Martin Scorsese’s “Taxi Driver.”

Paul Schrader’s “a man in his room” films.

Alfred Hitchcock’s “Vertigo,” “Psycho,” and “Revenge” (TV).

Paul Thomas Anderson’s “There Will Be Blood.”

The Dardenne Brothers’ “The Son.”

Abel Ferrara’s “Bad Lieutenant.”

Mike Figgis’ “Leaving Las Vegas.”

Francis Ford Coppola’s “The Conversation” and “Apocalypse Now.”

Roman Polanski’s “Repulsion,” “Chinatown,” and “Frantic.”

The films of David Lynch (sound, mainly).

The films of Stanley Kubrick.

There's a lot of visual structure to this film. One of my favorite scenes is where two characters are packing the boxes separated by doorways. Almost as if they are boxed in themselves. What sort of production design plans did you have for the film?
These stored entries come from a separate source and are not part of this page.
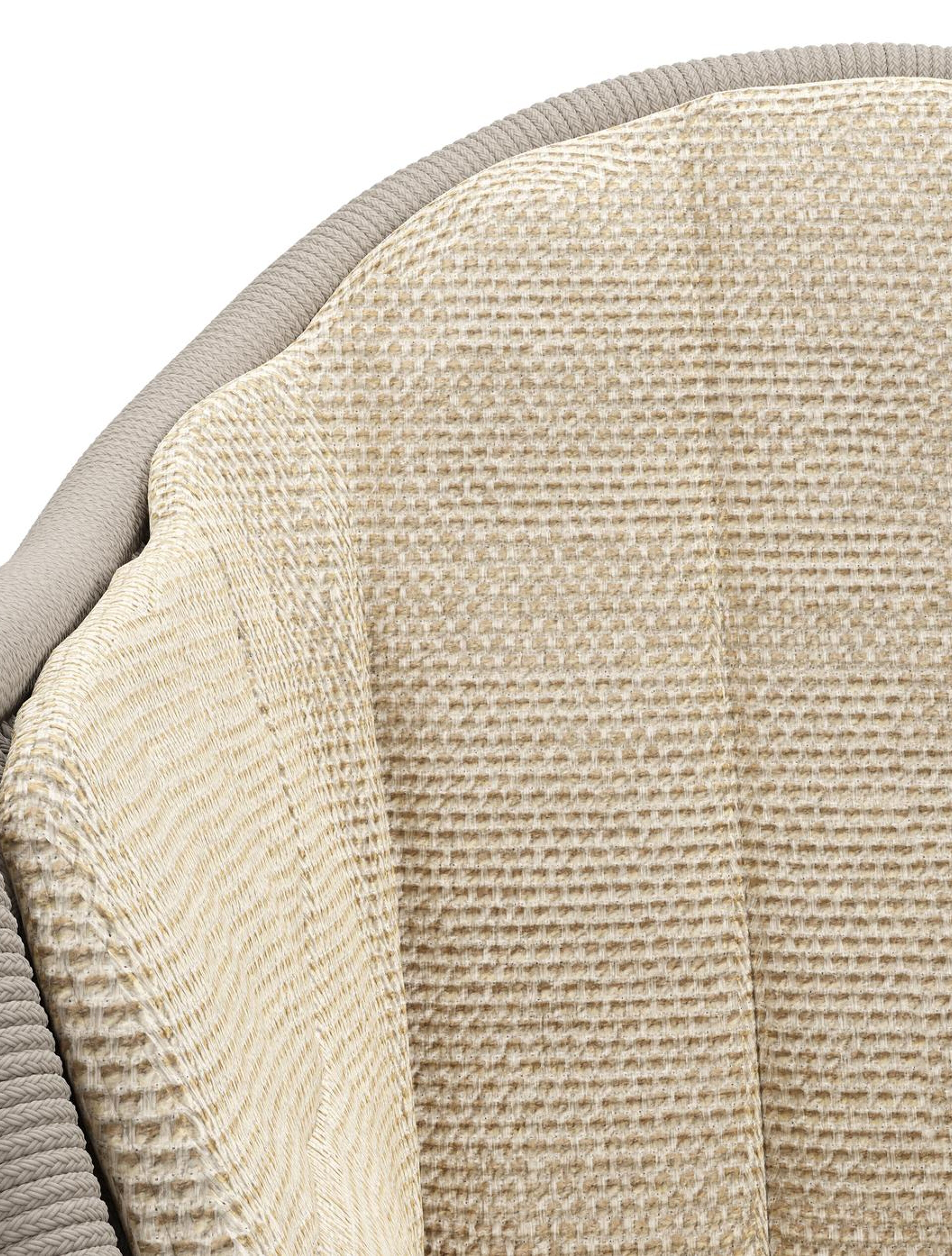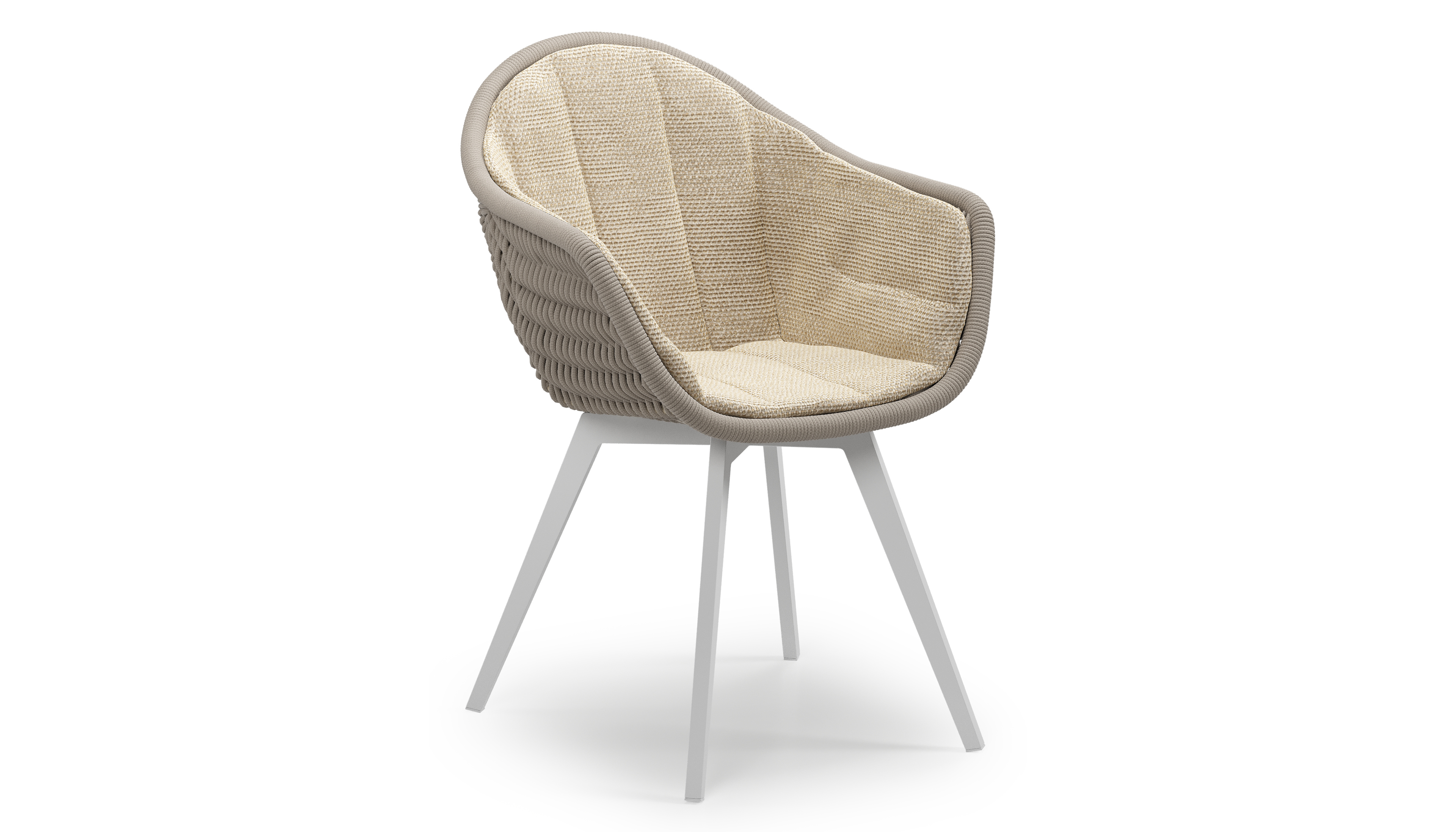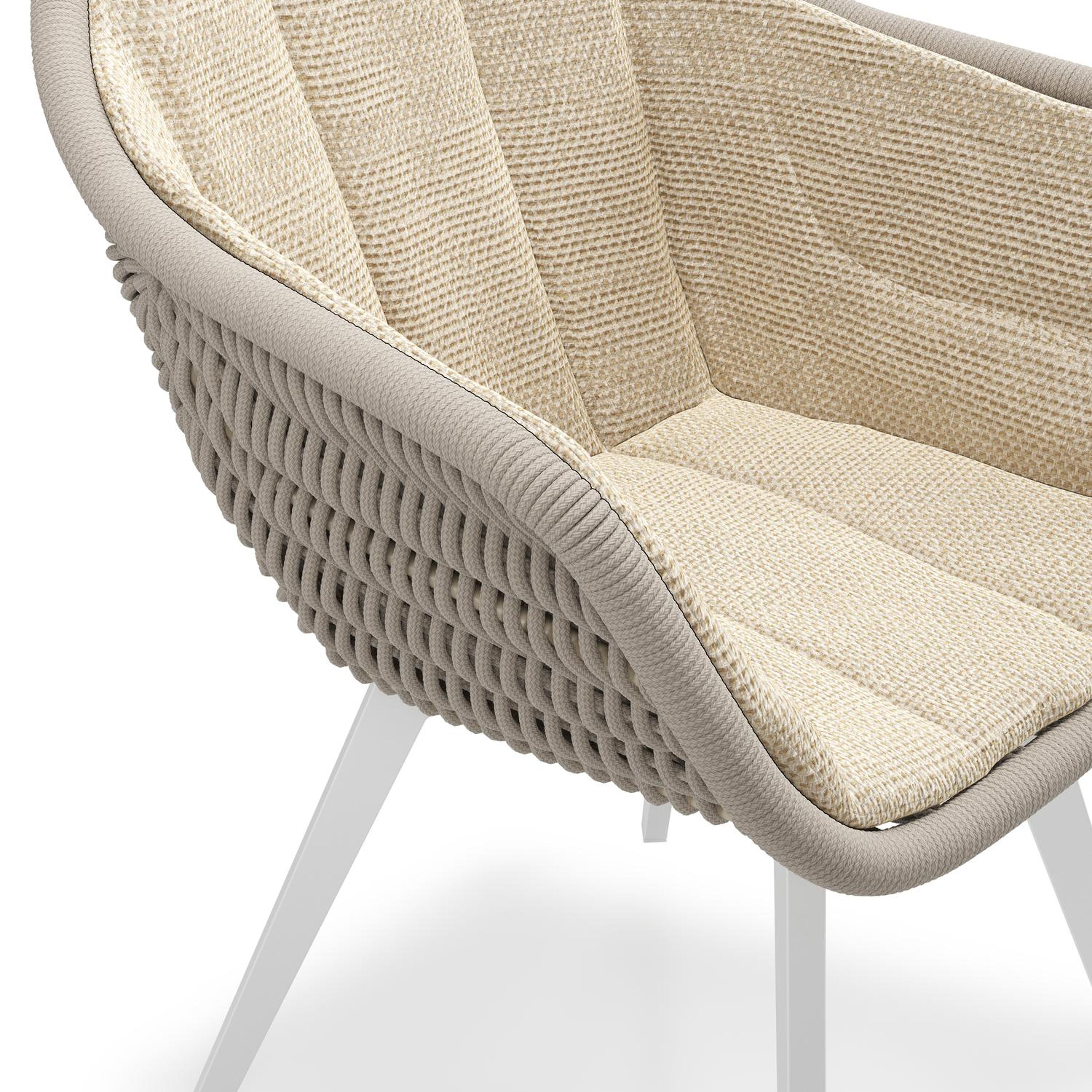 Chaise de jardin Pagino en aluminium blanc et corde ronde tissée verticalement beige avec coussin en All Weather Cosytica Althea Camel | Exterioo mobilier de jardin
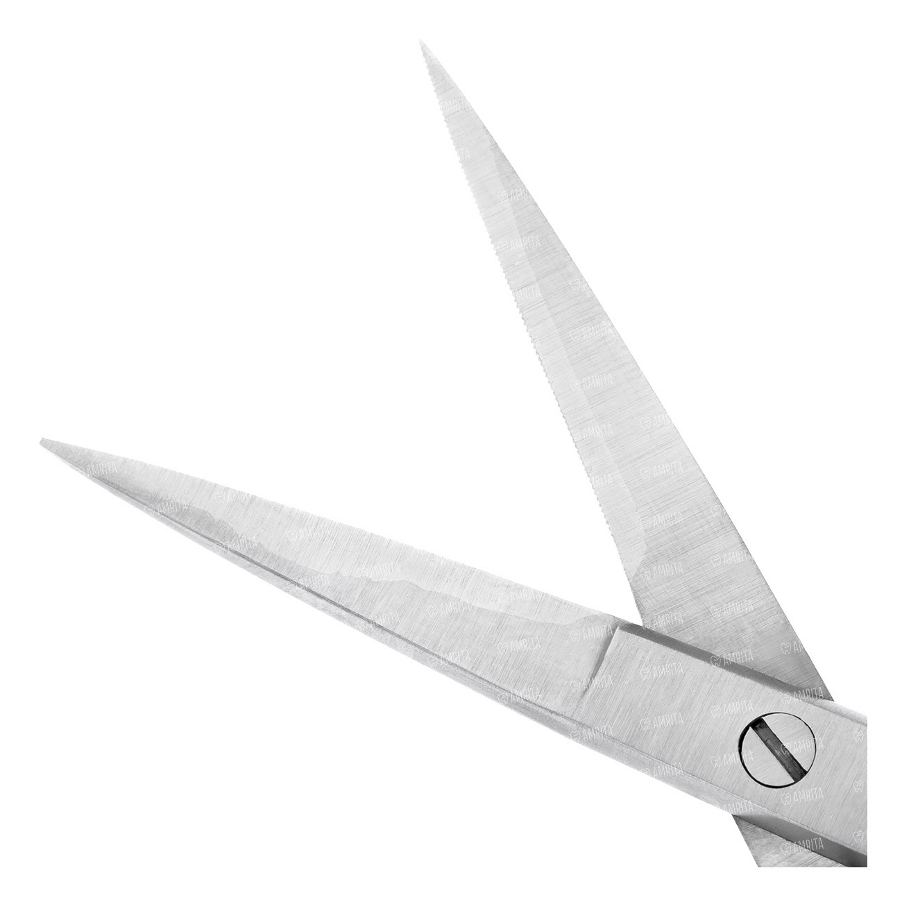 Ножницы прямые для мягких тканей конструкции ИРИС. Серейторная заточка режущей поверхности препятствует эффекту размозжения тканей и уменьшает шанс выскальзывания, имеет самозатачивающийся эффект.
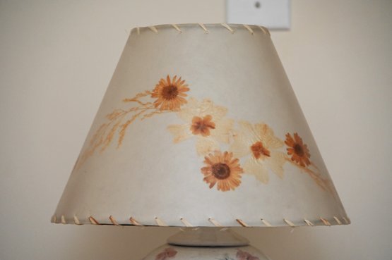 The shade is a unique parchment-style piece featuring pressed flowers embedded into its surface. The floral arrangement includes warm orange and yellow blooms, adding a natural and rustic touch. The shade is finished with a stitched trim along the edges, enhancing its handmade appeal.

I’m so pleased to hear you liked the “cleaning out the closets” scene. Like so many scenes in “JASMINE,” this was not shot as originally intended. I had planned to shoot a lot more coverage, but couldn’t due to time constraints. In fact, I spent a great deal of time stocking the apartment with feminine accessories and other details that I was never able to get close-ups of. It was very upsetting at the time. Anyway, I ultimately decided to forego getting conventional coverage, shoot the scene with a single master instead, and hoped repeat viewing would allow the audience to pick up on some of the smaller details like the photograph separating Leonard and Grace, the tags on the clothes in the closet, and so forth. I was pleased with the result and, in particular, the discrepancy between the speed with which Grace is boxing up items and the speed with which Leonard is. Shie Rozow’s cue of the “JASMINE” theme really elevated it as well. Regarding the production design, I had taken a bunch of screenshots from other films during my preparation and shared them with Guy Livneh, Lindsay Robertson, and the art director, Suki Lui. So, we were all on the same page, but we were often at the mercy of what locations we could get with our limited budget. Because the story contained a fair amount of ambiguity, I always tried to encode information about the character and his past via the production design, costumes, and so forth.

Can you tell us a little bit about your next project?

On the producing side, I’m co-producing Orson Welles’s final film, “The Other Side of the Wind,” with Filip Jan Rymsza (“Valley of the Gods”) and Frank Marshall (“Jason Bourne,” “Jurassic World,” “Sully”) and executive producing “Little Hard,” the directorial debut of Bel Powley (“The Diary of a Teenage Girl”). On the writing side, I just finished an adaptation of Neil White’s New York Times bestseller, “In the Sanctuary of Outcasts,” for producer Stratton Leopold (“Mission: Impossible III,” “The Wolfman,” “JASMINE”). “Exposure,” a thriller I wrote for producer James Su (“She’s Lost Control,” “JASMINE,” “The Other Side of the Wind”), is starting to heat up and I really hope to direct that. On the writing/producing/directing side, I’ve been chipping away for years on a thriller set in St. Louis, Missouri where I grew up. The story came to me in a dream back in 2010 and won’t leave me alone. Like “JASMINE,” I don’t think I have any choice but to make it. I’m looking forward to reuniting with members of my “JASMINE” team like Stratton, Guy, and Chris and to working with some new faces like Terry Groves and Len Kloosman at Maximfilms in Australia. It’s going to be great.